(Dataset records Opens)

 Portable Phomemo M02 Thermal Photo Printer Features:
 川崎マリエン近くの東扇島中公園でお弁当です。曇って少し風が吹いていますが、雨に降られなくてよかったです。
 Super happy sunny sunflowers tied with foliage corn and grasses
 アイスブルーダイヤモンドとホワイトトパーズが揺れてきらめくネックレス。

(Dataset records Closes)
(Dataset records Opens)

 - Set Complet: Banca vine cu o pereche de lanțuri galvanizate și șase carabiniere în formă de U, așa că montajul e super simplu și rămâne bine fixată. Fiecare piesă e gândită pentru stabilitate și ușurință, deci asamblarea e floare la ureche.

(Dataset records Closes)

Work to complete
Print exactly the lines above, between the one holding "Portable Phomemo M02" and the one holding "アイスブルーダイヤモンドとホワイトトパーズが揺れてきらめくネックレス。", inclusive, and nothing besides.

Task response
 Portable Phomemo M02 Thermal Photo Printer Features:
 川崎マリエン近くの東扇島中公園でお弁当です。曇って少し風が吹いていますが、雨に降られなくてよかったです。
 Super happy sunny sunflowers tied with foliage corn and grasses
 アイスブルーダイヤモンドとホワイトトパーズが揺れてきらめくネックレス。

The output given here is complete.